TRY IT: Output only the lines below from the one holding "Wichita Area Girl" down to the one holding "The second sample", both end lines included and every picture dropped.

------ EXERCISE MATERIALS ------

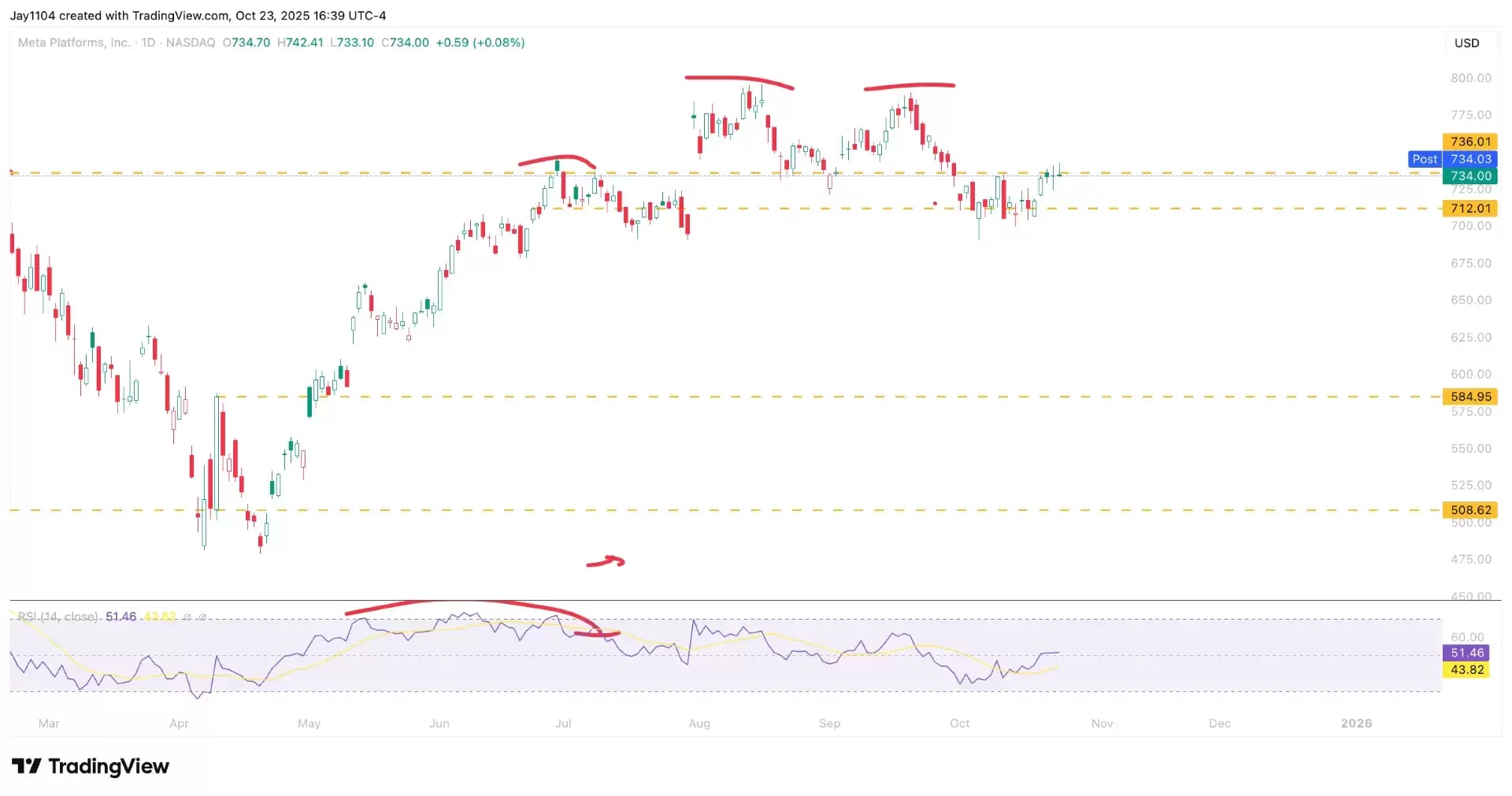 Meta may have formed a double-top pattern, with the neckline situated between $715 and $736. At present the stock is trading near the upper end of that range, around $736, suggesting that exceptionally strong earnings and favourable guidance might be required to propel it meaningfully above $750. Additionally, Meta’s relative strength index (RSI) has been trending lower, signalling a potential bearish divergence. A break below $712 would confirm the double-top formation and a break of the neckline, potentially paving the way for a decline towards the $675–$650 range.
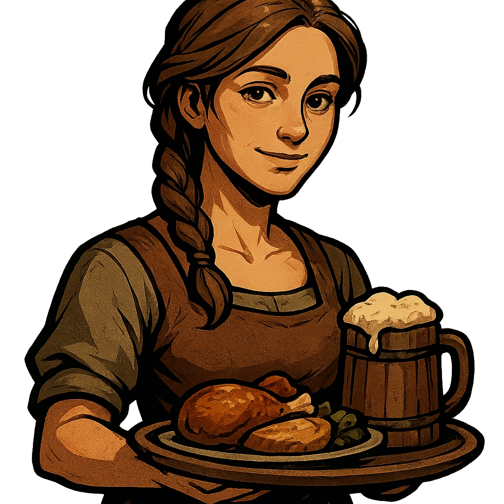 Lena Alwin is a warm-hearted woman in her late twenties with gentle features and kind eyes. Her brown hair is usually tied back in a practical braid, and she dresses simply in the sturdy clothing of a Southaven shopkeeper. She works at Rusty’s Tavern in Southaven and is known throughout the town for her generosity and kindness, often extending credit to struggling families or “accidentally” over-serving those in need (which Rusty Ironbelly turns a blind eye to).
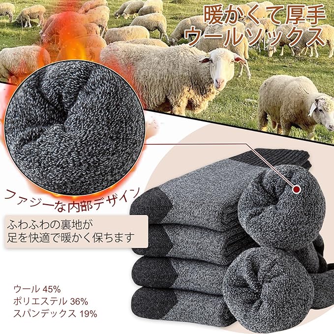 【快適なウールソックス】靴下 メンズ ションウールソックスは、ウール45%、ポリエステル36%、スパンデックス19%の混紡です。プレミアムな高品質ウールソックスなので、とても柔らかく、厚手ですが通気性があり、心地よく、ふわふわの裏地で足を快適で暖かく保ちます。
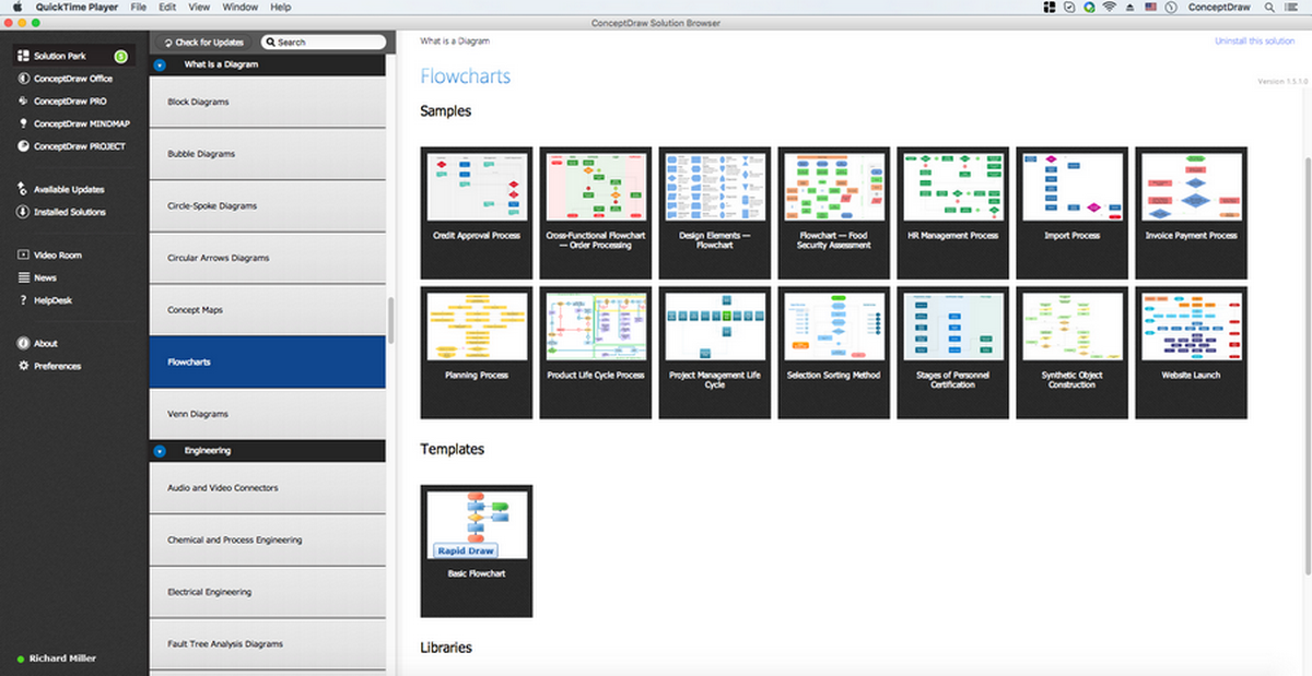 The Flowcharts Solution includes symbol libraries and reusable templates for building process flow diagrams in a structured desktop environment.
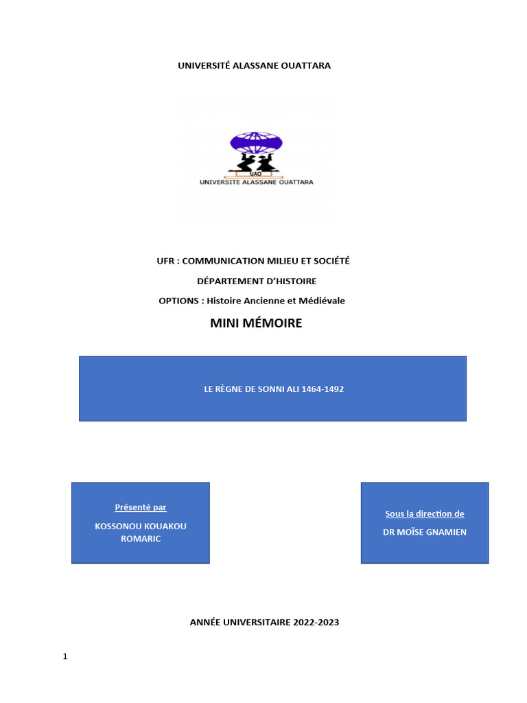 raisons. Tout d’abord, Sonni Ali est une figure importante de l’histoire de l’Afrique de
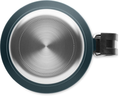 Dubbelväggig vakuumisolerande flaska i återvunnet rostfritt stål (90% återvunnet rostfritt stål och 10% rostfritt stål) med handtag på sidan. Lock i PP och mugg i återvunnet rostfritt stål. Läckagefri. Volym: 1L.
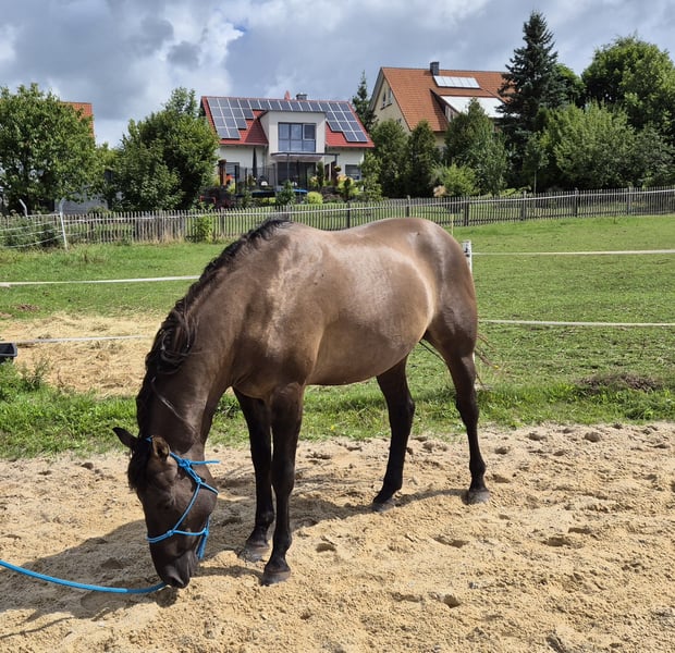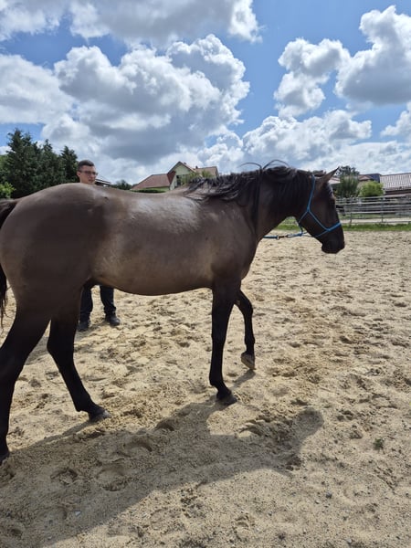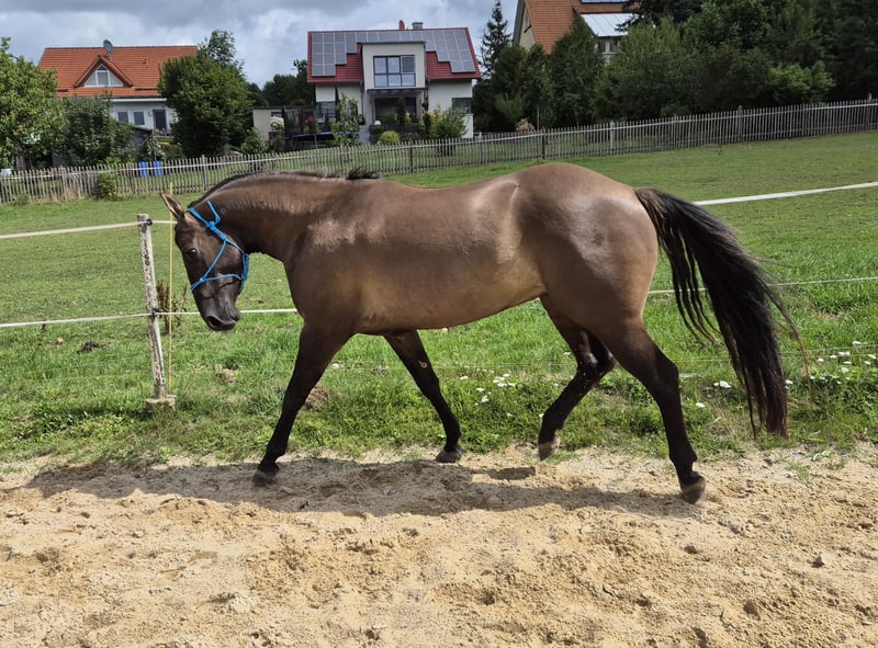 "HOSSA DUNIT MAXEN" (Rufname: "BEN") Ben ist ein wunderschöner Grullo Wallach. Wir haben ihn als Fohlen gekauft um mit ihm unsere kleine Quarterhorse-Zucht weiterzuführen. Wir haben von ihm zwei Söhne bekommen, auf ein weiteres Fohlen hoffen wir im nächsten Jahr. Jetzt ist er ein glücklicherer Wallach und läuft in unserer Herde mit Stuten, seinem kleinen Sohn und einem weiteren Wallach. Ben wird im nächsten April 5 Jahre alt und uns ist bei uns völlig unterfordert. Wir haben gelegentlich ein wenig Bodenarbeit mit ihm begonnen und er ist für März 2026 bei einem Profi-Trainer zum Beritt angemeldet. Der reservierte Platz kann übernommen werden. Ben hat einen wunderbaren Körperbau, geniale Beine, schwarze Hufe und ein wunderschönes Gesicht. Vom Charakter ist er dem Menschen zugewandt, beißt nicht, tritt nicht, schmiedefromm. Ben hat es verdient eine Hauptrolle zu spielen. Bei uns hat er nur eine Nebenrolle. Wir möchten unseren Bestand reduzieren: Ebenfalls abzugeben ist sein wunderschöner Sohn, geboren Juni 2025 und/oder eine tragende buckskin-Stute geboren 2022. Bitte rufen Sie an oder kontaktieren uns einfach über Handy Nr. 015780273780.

------
------ EXERCISE MATERIALS ------

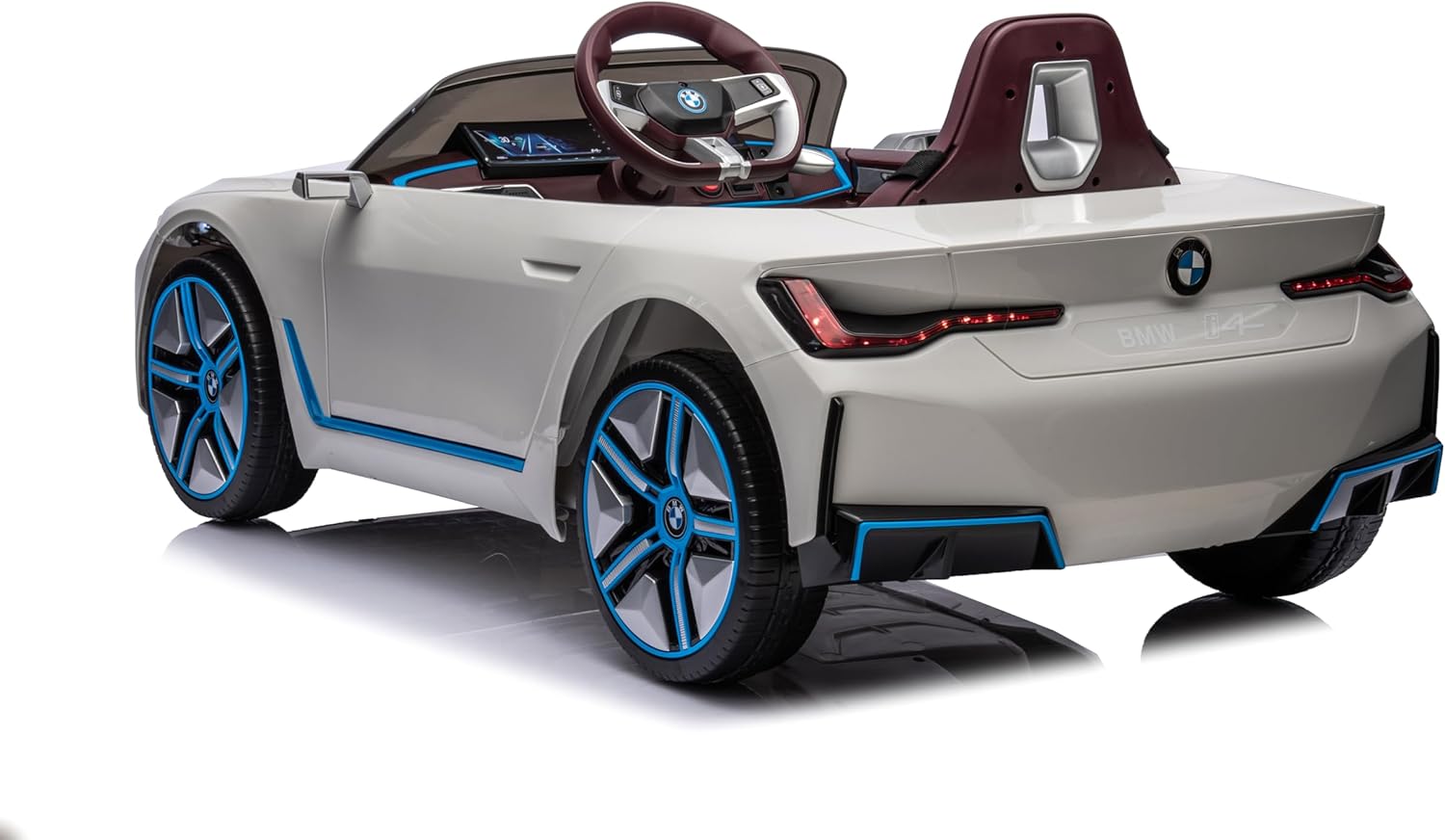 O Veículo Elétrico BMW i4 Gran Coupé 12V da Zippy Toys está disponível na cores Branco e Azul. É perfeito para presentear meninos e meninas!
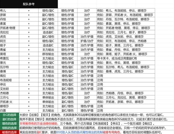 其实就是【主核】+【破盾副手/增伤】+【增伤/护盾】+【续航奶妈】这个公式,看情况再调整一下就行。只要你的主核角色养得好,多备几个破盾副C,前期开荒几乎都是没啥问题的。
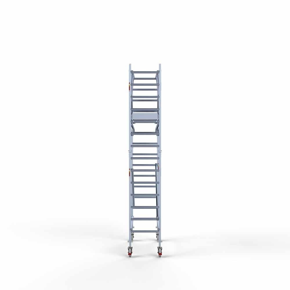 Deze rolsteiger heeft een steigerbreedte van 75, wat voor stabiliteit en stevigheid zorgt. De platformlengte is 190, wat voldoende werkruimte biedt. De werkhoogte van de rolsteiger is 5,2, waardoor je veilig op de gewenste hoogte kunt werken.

------
------ EXERCISE MATERIALS ------

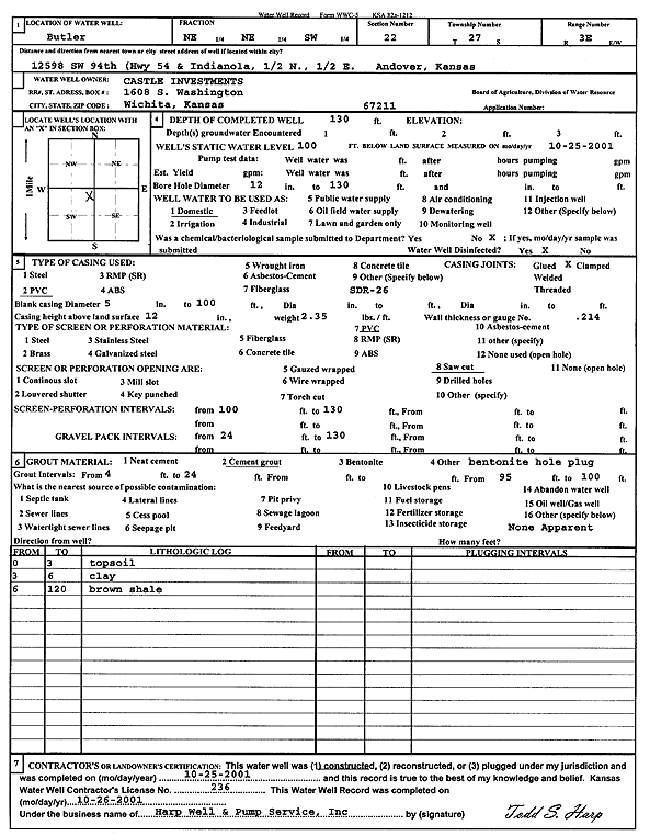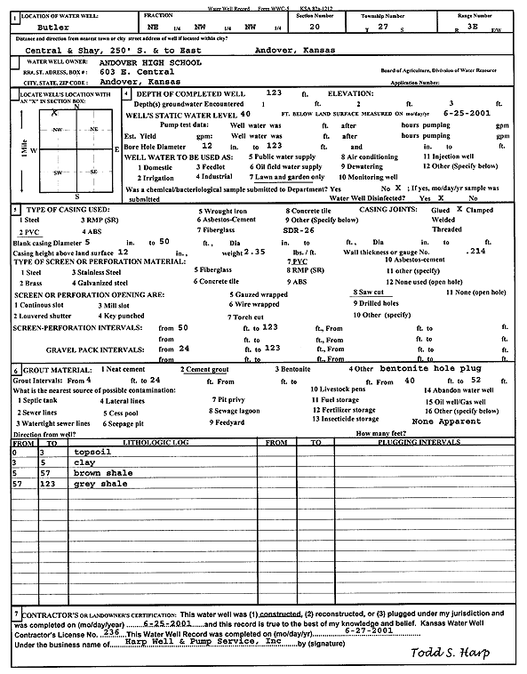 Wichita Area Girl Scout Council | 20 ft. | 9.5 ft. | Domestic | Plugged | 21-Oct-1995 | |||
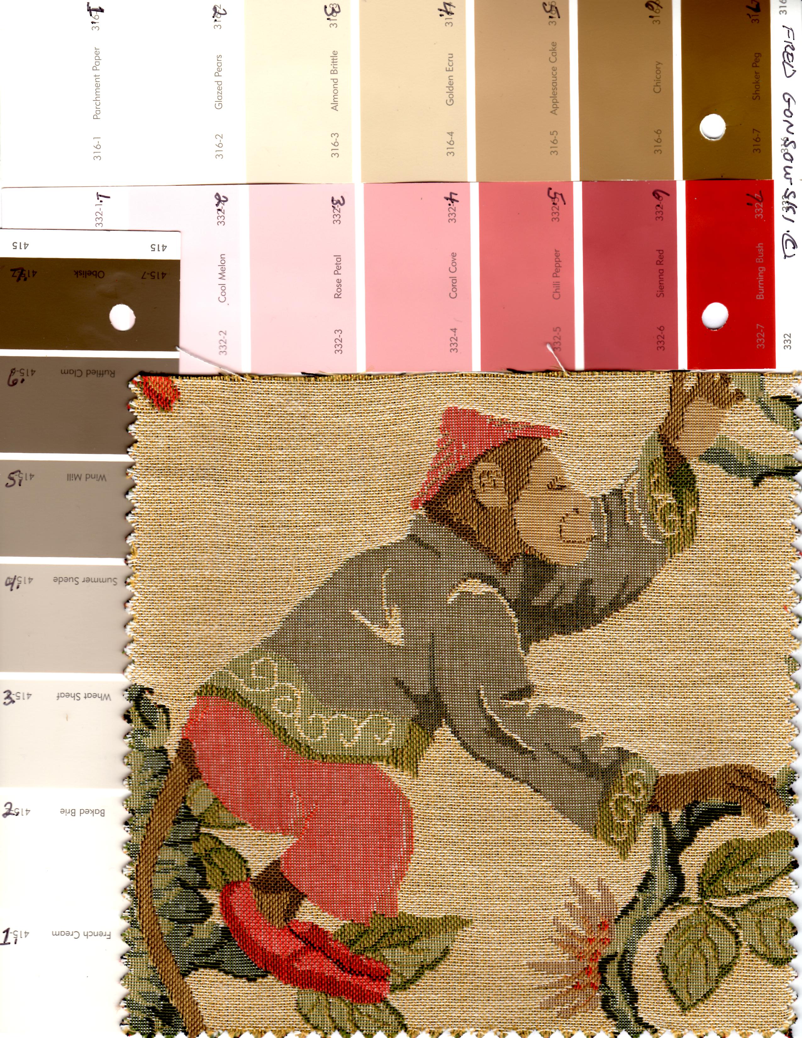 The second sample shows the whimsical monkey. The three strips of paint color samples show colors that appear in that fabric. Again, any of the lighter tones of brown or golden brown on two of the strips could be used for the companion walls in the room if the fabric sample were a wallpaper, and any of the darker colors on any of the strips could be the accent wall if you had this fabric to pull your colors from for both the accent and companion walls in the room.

------

TASK RESULT:
 Wichita Area Girl Scout Council | 20 ft. | 9.5 ft. | Domestic | Plugged | 21-Oct-1995 | |||
 The second sample shows the whimsical monkey. The three strips of paint color samples show colors that appear in that fabric. Again, any of the lighter tones of brown or golden brown on two of the strips could be used for the companion walls in the room if the fabric sample were a wallpaper, and any of the darker colors on any of the strips could be the accent wall if you had this fabric to pull your colors from for both the accent and companion walls in the room.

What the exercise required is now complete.